# Data block:
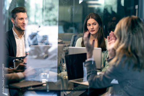 Businesswoman discussing with colleague while sitting in meeting at office
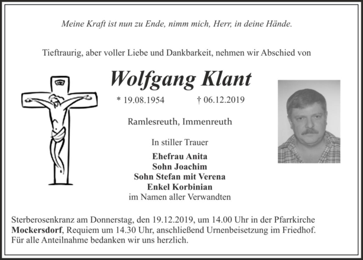 tag, den 19.12.2019, um 14.00 Uhr in der Pfarrkirche Mockersdorf, Requiem
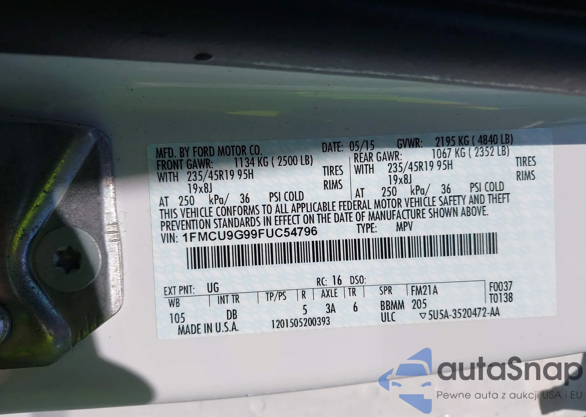 LOT: 43073341 VIN: 1FMCU9G99FUC54796

# What needs to be done:
Omit the pictures, then print the rest of the listing above exactly.

# Reply:
 Businesswoman discussing with colleague while sitting in meeting at office
 tag, den 19.12.2019, um 14.00 Uhr in der Pfarrkirche Mockersdorf, Requiem
 LOT: 43073341 VIN: 1FMCU9G99FUC54796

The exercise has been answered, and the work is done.